INSTRUCTIONS FOR THE TASK
Look through the records below for the line with "Large windows provide". Return that line and each one after it up to and including the line with "PSK Couture Pret", exactly.
MATERIAL SHOWN Start Marker
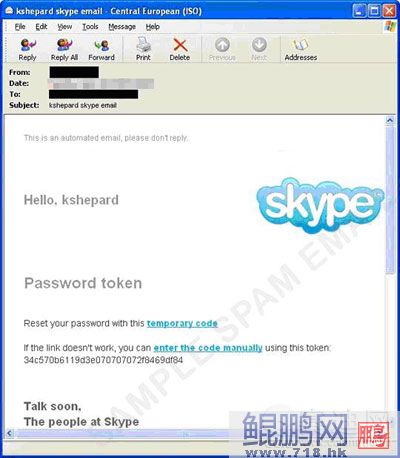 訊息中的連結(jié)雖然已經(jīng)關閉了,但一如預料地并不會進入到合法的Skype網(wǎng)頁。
MATERIAL SHOWN End Marker
MATERIAL SHOWN Start Marker
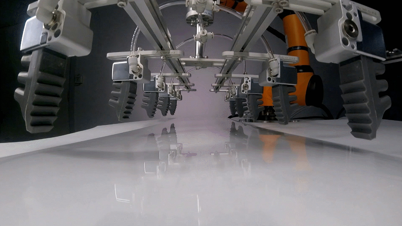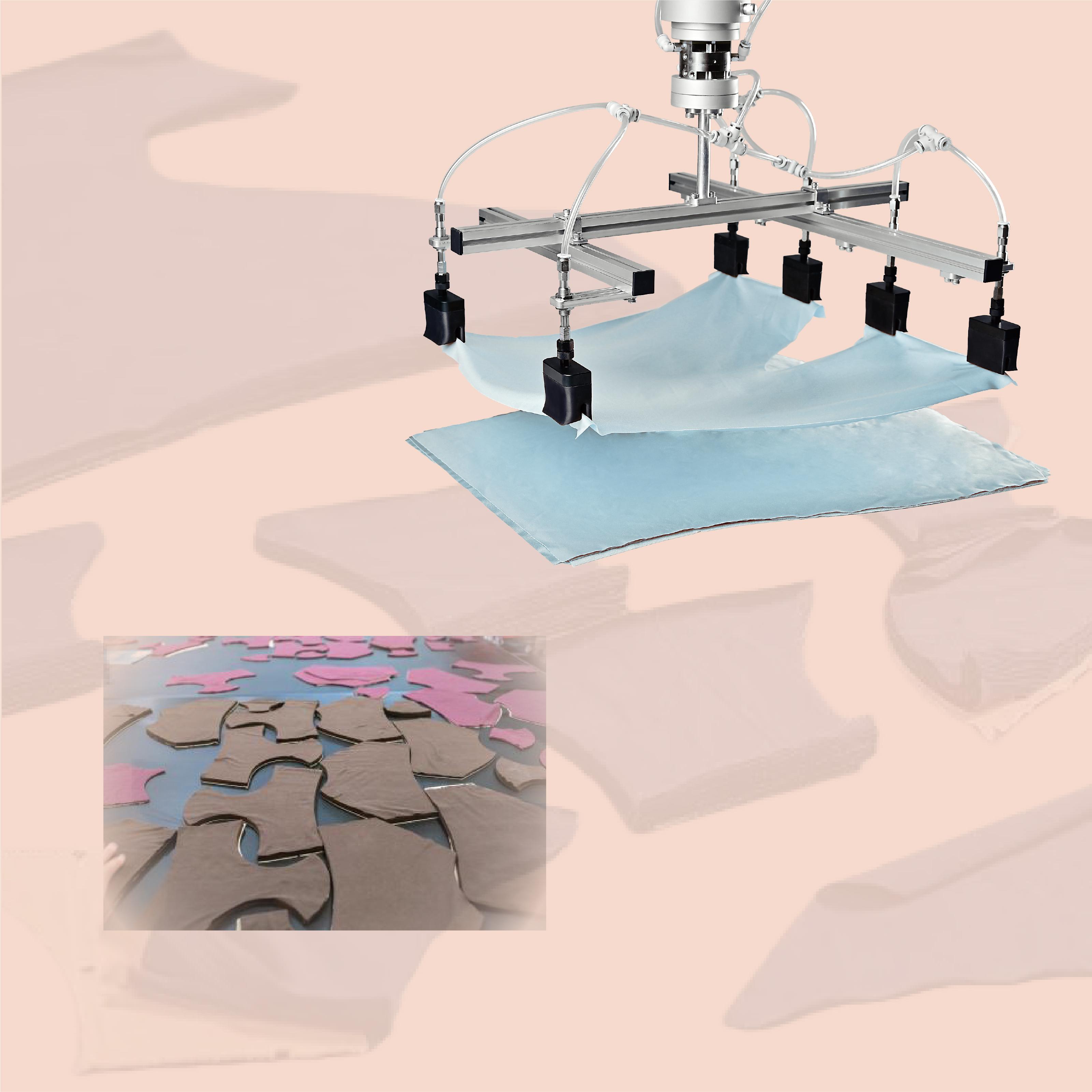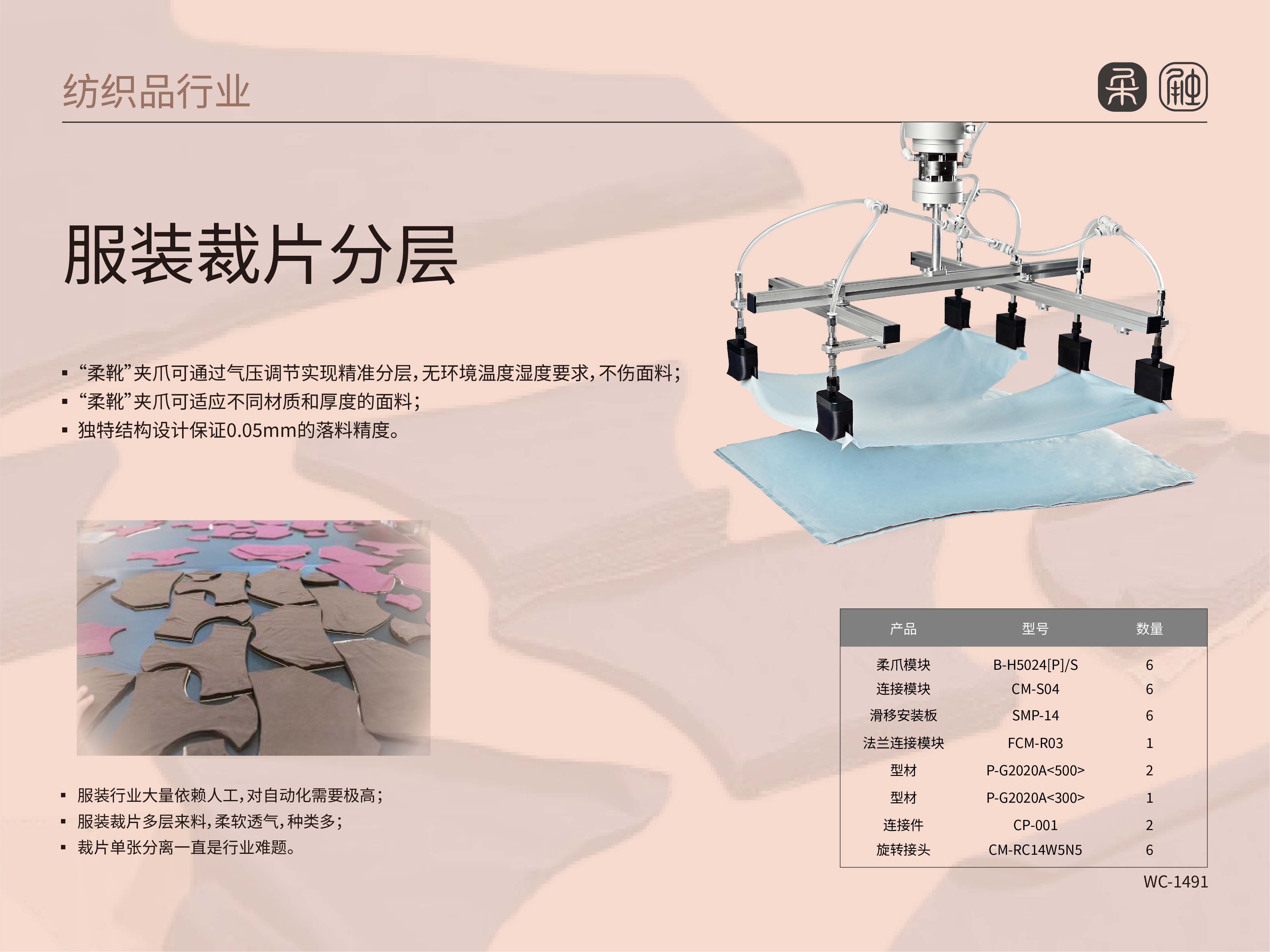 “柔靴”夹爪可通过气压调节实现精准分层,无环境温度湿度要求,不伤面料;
MATERIAL SHOWN End Marker
MATERIAL SHOWN Start Marker
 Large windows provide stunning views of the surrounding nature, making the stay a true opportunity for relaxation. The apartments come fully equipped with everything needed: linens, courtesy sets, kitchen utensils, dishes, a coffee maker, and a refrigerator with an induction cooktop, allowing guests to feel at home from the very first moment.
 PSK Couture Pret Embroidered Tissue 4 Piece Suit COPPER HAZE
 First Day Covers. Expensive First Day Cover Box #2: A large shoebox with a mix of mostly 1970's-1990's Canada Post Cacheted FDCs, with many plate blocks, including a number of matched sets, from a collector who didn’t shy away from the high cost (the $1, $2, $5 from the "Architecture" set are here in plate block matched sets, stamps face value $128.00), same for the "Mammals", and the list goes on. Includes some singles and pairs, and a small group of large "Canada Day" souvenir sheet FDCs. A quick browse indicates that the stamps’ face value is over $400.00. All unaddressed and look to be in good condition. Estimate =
MATERIAL SHOWN End Marker
ANSWER SPACE
 Large windows provide stunning views of the surrounding nature, making the stay a true opportunity for relaxation. The apartments come fully equipped with everything needed: linens, courtesy sets, kitchen utensils, dishes, a coffee maker, and a refrigerator with an induction cooktop, allowing guests to feel at home from the very first moment.
 PSK Couture Pret Embroidered Tissue 4 Piece Suit COPPER HAZE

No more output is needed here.